**DATA LISTING:**
Segment Open

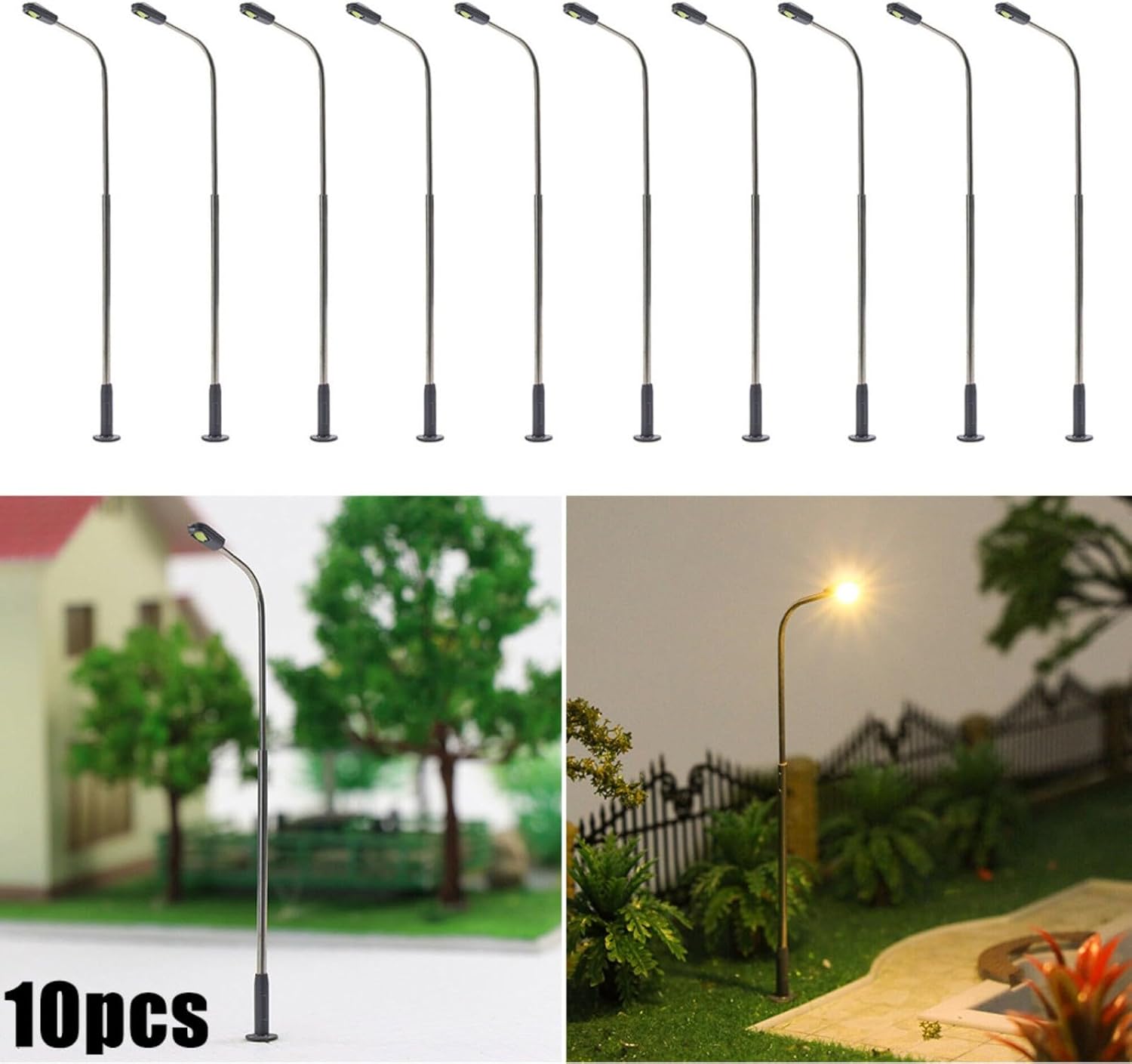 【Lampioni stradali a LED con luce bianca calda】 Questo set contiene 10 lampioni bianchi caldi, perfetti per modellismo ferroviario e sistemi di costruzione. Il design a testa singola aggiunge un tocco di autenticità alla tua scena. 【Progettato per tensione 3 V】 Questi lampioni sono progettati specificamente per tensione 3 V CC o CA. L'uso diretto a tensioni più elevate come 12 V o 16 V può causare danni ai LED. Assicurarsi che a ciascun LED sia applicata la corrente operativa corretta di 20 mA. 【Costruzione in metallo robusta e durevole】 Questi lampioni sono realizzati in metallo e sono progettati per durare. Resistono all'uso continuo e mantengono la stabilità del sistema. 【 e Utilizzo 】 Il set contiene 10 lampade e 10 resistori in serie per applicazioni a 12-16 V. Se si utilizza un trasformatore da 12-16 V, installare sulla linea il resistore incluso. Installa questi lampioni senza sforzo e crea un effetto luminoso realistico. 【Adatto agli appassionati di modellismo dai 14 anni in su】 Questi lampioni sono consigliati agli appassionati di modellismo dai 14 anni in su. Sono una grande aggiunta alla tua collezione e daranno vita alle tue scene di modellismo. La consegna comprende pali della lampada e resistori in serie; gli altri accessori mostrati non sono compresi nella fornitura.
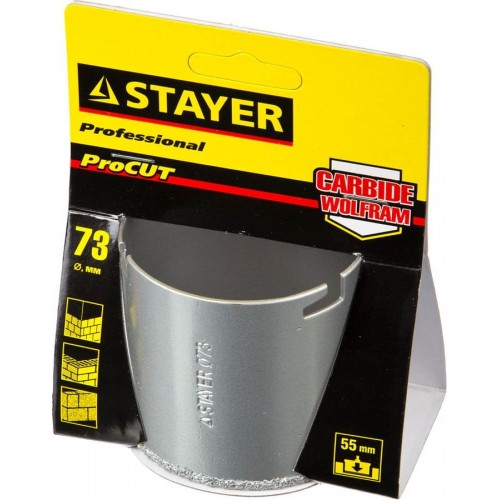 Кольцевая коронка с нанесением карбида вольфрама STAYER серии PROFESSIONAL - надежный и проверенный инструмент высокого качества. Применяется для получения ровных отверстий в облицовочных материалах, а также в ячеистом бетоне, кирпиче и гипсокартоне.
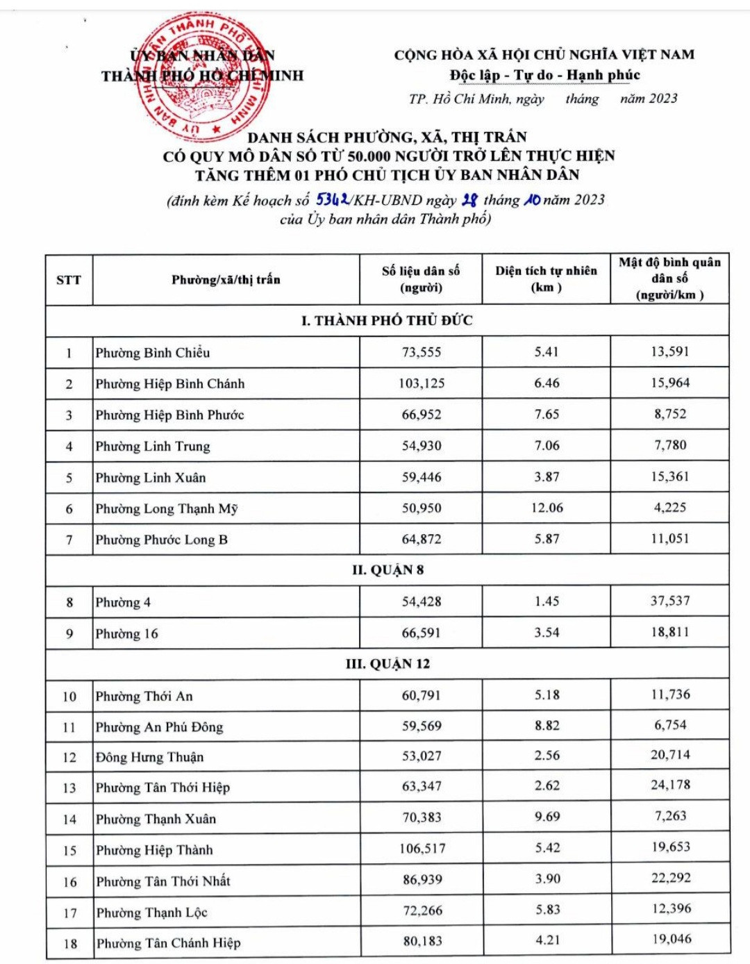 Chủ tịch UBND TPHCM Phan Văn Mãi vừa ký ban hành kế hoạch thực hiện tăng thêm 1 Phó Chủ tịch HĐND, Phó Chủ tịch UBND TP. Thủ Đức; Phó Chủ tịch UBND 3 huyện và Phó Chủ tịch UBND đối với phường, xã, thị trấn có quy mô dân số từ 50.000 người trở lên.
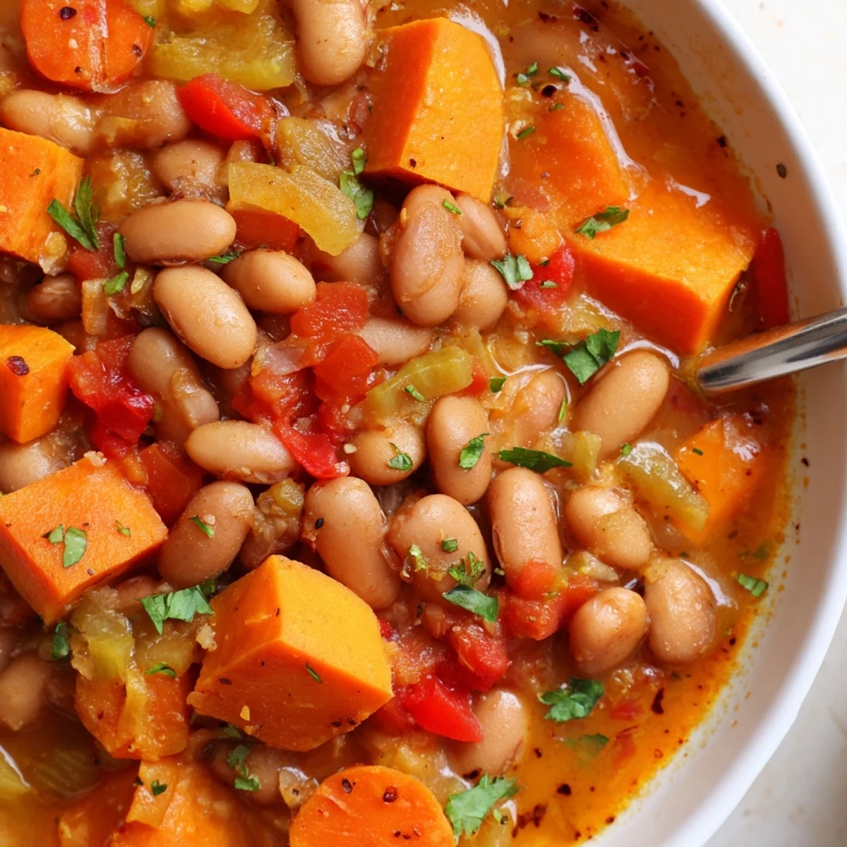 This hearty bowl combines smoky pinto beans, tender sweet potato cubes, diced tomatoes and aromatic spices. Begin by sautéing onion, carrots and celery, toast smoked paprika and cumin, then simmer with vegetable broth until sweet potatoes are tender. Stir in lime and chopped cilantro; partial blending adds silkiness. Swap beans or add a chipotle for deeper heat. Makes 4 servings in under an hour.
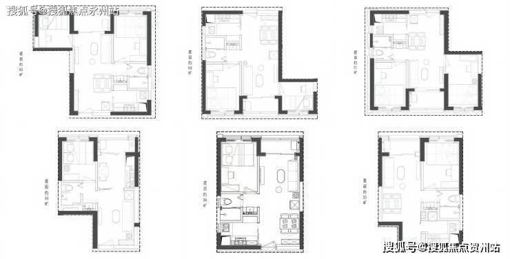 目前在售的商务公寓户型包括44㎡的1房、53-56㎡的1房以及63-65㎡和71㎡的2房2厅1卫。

Segment Closed
Segment Open

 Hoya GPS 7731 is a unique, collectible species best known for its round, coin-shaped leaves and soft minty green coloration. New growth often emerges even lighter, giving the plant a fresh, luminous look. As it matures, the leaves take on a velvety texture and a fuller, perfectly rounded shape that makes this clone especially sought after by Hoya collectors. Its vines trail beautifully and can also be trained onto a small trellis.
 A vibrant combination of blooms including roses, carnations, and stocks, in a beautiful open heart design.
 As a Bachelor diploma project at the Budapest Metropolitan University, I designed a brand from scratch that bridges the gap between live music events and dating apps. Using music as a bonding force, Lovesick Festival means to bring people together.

Segment Closed

Reproduce the data above exactly, but only from the line containing "compresi nella fornitura." through the line containing "Chủ tịch UBND TPHCM"; skip the pictures.

**EXPECTED ANSWER:**
 【Lampioni stradali a LED con luce bianca calda】 Questo set contiene 10 lampioni bianchi caldi, perfetti per modellismo ferroviario e sistemi di costruzione. Il design a testa singola aggiunge un tocco di autenticità alla tua scena. 【Progettato per tensione 3 V】 Questi lampioni sono progettati specificamente per tensione 3 V CC o CA. L'uso diretto a tensioni più elevate come 12 V o 16 V può causare danni ai LED. Assicurarsi che a ciascun LED sia applicata la corrente operativa corretta di 20 mA. 【Costruzione in metallo robusta e durevole】 Questi lampioni sono realizzati in metallo e sono progettati per durare. Resistono all'uso continuo e mantengono la stabilità del sistema. 【 e Utilizzo 】 Il set contiene 10 lampade e 10 resistori in serie per applicazioni a 12-16 V. Se si utilizza un trasformatore da 12-16 V, installare sulla linea il resistore incluso. Installa questi lampioni senza sforzo e crea un effetto luminoso realistico. 【Adatto agli appassionati di modellismo dai 14 anni in su】 Questi lampioni sono consigliati agli appassionati di modellismo dai 14 anni in su. Sono una grande aggiunta alla tua collezione e daranno vita alle tue scene di modellismo. La consegna comprende pali della lampada e resistori in serie; gli altri accessori mostrati non sono compresi nella fornitura.
 Кольцевая коронка с нанесением карбида вольфрама STAYER серии PROFESSIONAL - надежный и проверенный инструмент высокого качества. Применяется для получения ровных отверстий в облицовочных материалах, а также в ячеистом бетоне, кирпиче и гипсокартоне.
 Chủ tịch UBND TPHCM Phan Văn Mãi vừa ký ban hành kế hoạch thực hiện tăng thêm 1 Phó Chủ tịch HĐND, Phó Chủ tịch UBND TP. Thủ Đức; Phó Chủ tịch UBND 3 huyện và Phó Chủ tịch UBND đối với phường, xã, thị trấn có quy mô dân số từ 50.000 người trở lên.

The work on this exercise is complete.